Source data:
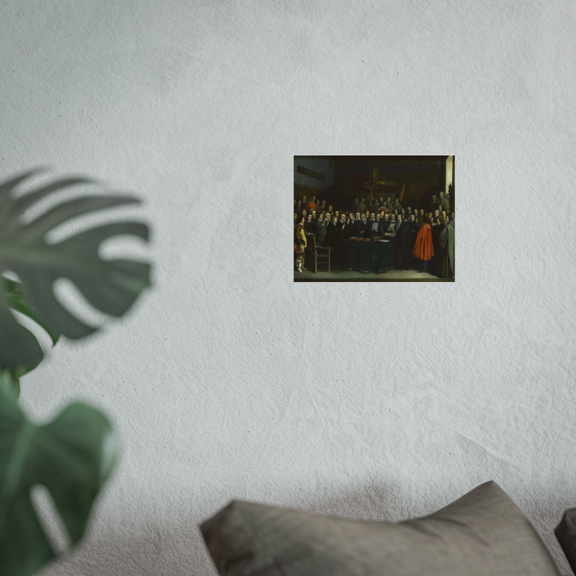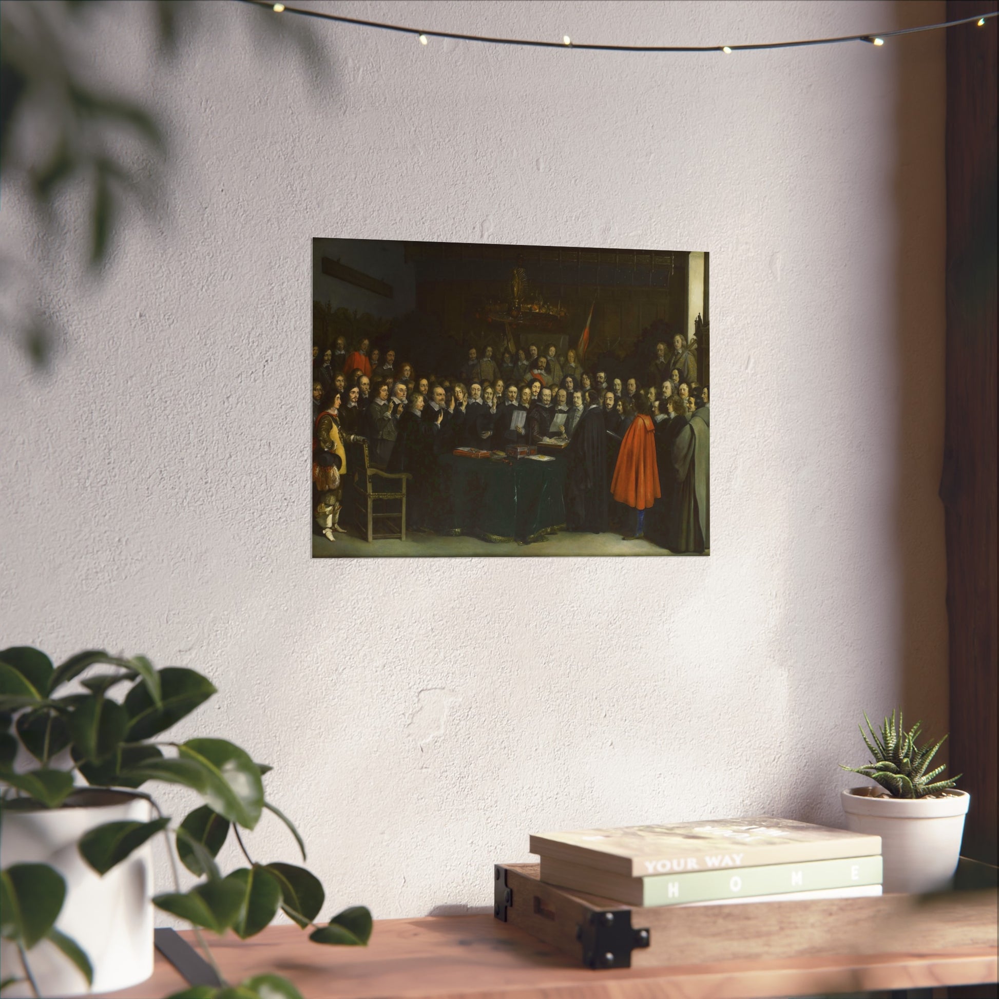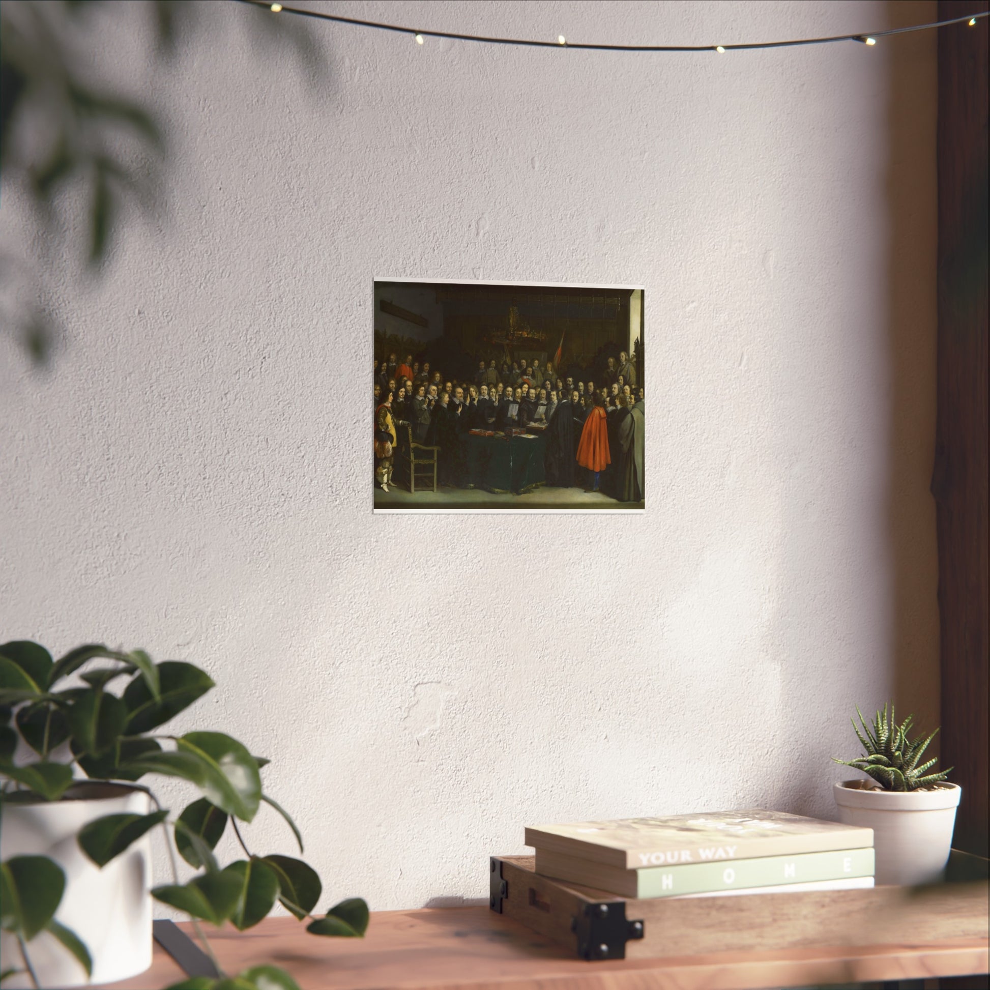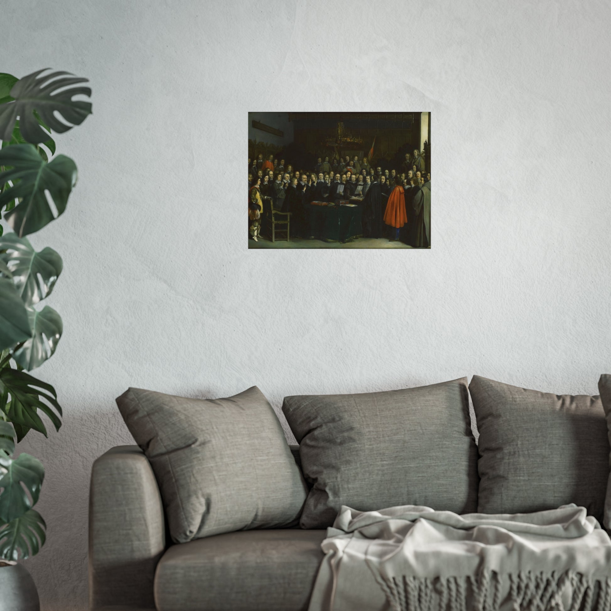 This momentous painting depicts the signing of the peace treaty between Spain and the United Netherlands in the town hall of Münster on May 15, 1648. The scene is centered around a table where the representatives from both nations stand. These include notable figures such as Gaspar de Bracamonte y Guzman, Count of Peñaranda, Antoine Brun, Barthold van Gent, Lord of Meynerswijck, Johan van Mathenes, Adriaen Pauw, Frans van Donia, Willem van Ripperda, and Adriaen Clant. Interestingly, the artist has included a self-portrait on the far left of the painting.
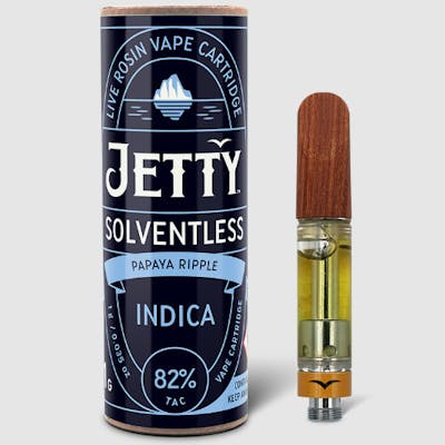 Papaya Ripple delivers a blissful body high that perfectly balances euphoria with deep relaxation. Its fruity, sugary sweetness is enhanced by a peppery, herbal twist, making it a flavorful treat for a calming experience. Jetty Solventless is the most-awarded vape since 2020. It is the cleanest oil available, made from cold water hash that’s extracted using only ice and water. Our unique filtration process removes excess fats and waxes increasing purity (and THC %) while keeping all the tasty terpenes. The result: a light, golden oil and an unmatched flavor profile. Look for the Jetty signature wood tip and our premium cartridges which work with any 510-thread battery.
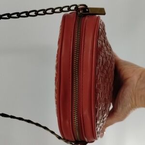 Anthropologie red rust weave round faux vegan leather crossbody with chain strap

Work item: Skip the images and write out the rest of the listing exactly.

Solution to this exercise:
 This momentous painting depicts the signing of the peace treaty between Spain and the United Netherlands in the town hall of Münster on May 15, 1648. The scene is centered around a table where the representatives from both nations stand. These include notable figures such as Gaspar de Bracamonte y Guzman, Count of Peñaranda, Antoine Brun, Barthold van Gent, Lord of Meynerswijck, Johan van Mathenes, Adriaen Pauw, Frans van Donia, Willem van Ripperda, and Adriaen Clant. Interestingly, the artist has included a self-portrait on the far left of the painting.
 Papaya Ripple delivers a blissful body high that perfectly balances euphoria with deep relaxation. Its fruity, sugary sweetness is enhanced by a peppery, herbal twist, making it a flavorful treat for a calming experience. Jetty Solventless is the most-awarded vape since 2020. It is the cleanest oil available, made from cold water hash that’s extracted using only ice and water. Our unique filtration process removes excess fats and waxes increasing purity (and THC %) while keeping all the tasty terpenes. The result: a light, golden oil and an unmatched flavor profile. Look for the Jetty signature wood tip and our premium cartridges which work with any 510-thread battery.
 Anthropologie red rust weave round faux vegan leather crossbody with chain strap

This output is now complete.